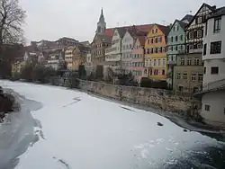 Mit der 1477 gegründeten Eberhard Karls Universität gehört die Stadt zu den ältesten deutschen Universitätsstädten. Das städtische Leben wird stark von den knapp 28.700 Studierenden (Stand: Wintersemester 2024/25)[2] geprägt. Tübingen ist daher mit einem Altersdurchschnitt von rund 40 Jahren eine der jüngsten Städte Deutschlands.[3]
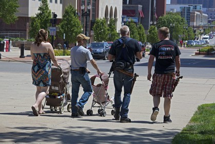 • Lansing, Michigan - Gun rights advocates, many of them carrying firearms, leave the state capitol after a rally opposing a bill to repeal the Michigan "stand your ground" law. Michigan's law is similar to the Florida legislation publicized by the Trayvon Martin shooting; it allows gun owners to shoot to kill if they feel endangered, rather than first trying to retreat..© Jim West / The Image Works
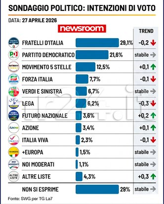 Il quadro politico delineato dall’ultimo sondaggio SWG per La7 del 27 aprile 2026 conferma una sostanziale stabilità degli equilibri, con variazioni contenute che tuttavia segnalano movimenti interessanti all’interno dei principali schieramenti. In testa resta saldamente Fratelli d’Italia, che si attesta al 29,1%, registrando una lieve flessione di due decimi rispetto alla rilevazione del 20 aprile, quando era al 29,3%. Un calo minimo che non intacca la leadership del partito di maggioranza relativa, ma che interrompe una fase di consolidamento.
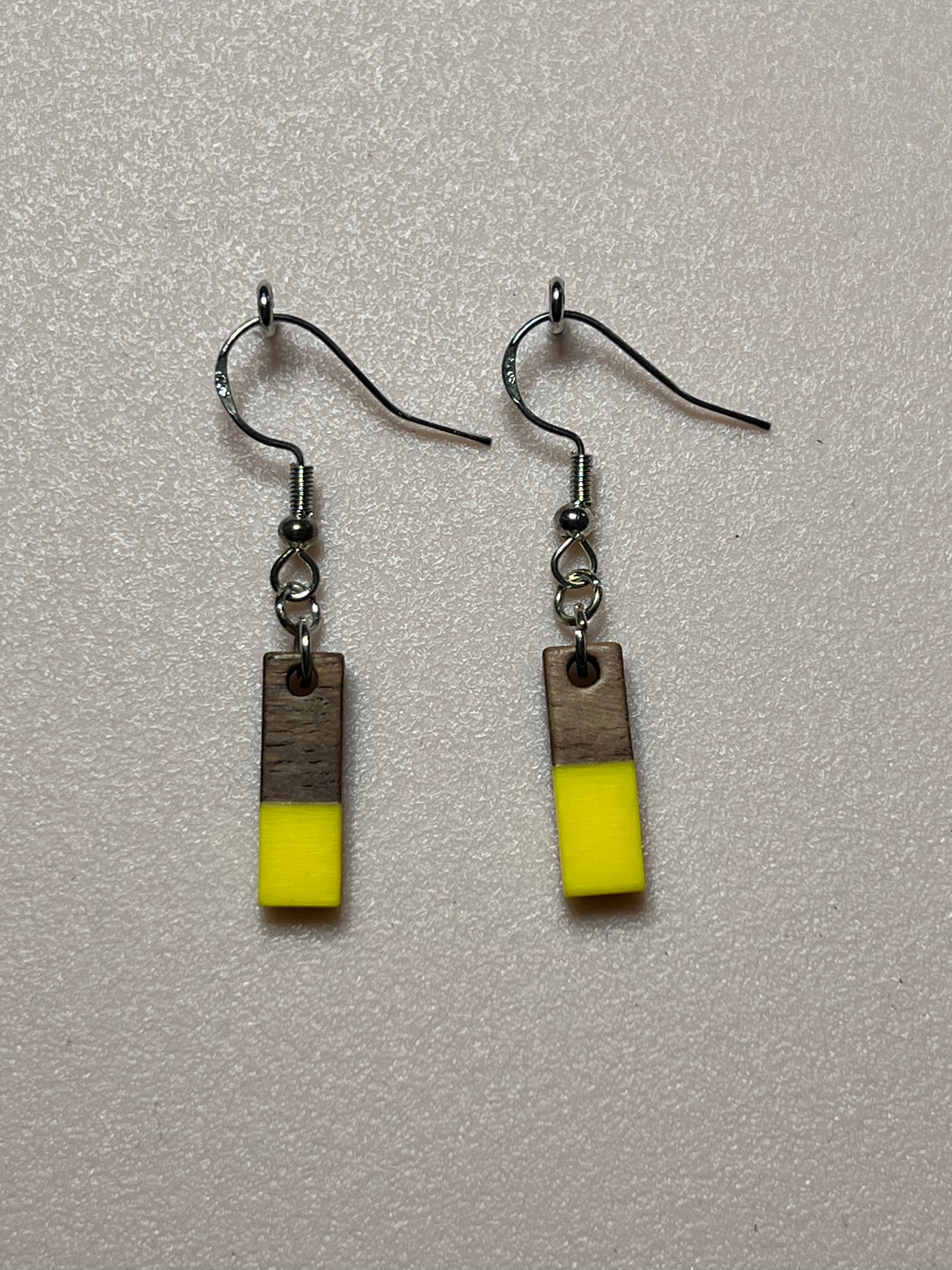 Design: Slim wood-and-resin rectangles with a striking yellow base.

┄┄┄┄┄┄

• EXERCISE DESCRIPTION:
All of the listing should be transcribed exactly, but none of its images.

• WRITTEN REPLY:
 Mit der 1477 gegründeten Eberhard Karls Universität gehört die Stadt zu den ältesten deutschen Universitätsstädten. Das städtische Leben wird stark von den knapp 28.700 Studierenden (Stand: Wintersemester 2024/25)[2] geprägt. Tübingen ist daher mit einem Altersdurchschnitt von rund 40 Jahren eine der jüngsten Städte Deutschlands.[3]
 • Lansing, Michigan - Gun rights advocates, many of them carrying firearms, leave the state capitol after a rally opposing a bill to repeal the Michigan "stand your ground" law. Michigan's law is similar to the Florida legislation publicized by the Trayvon Martin shooting; it allows gun owners to shoot to kill if they feel endangered, rather than first trying to retreat..© Jim West / The Image Works
 Il quadro politico delineato dall’ultimo sondaggio SWG per La7 del 27 aprile 2026 conferma una sostanziale stabilità degli equilibri, con variazioni contenute che tuttavia segnalano movimenti interessanti all’interno dei principali schieramenti. In testa resta saldamente Fratelli d’Italia, che si attesta al 29,1%, registrando una lieve flessione di due decimi rispetto alla rilevazione del 20 aprile, quando era al 29,3%. Un calo minimo che non intacca la leadership del partito di maggioranza relativa, ma che interrompe una fase di consolidamento.
 Design: Slim wood-and-resin rectangles with a striking yellow base.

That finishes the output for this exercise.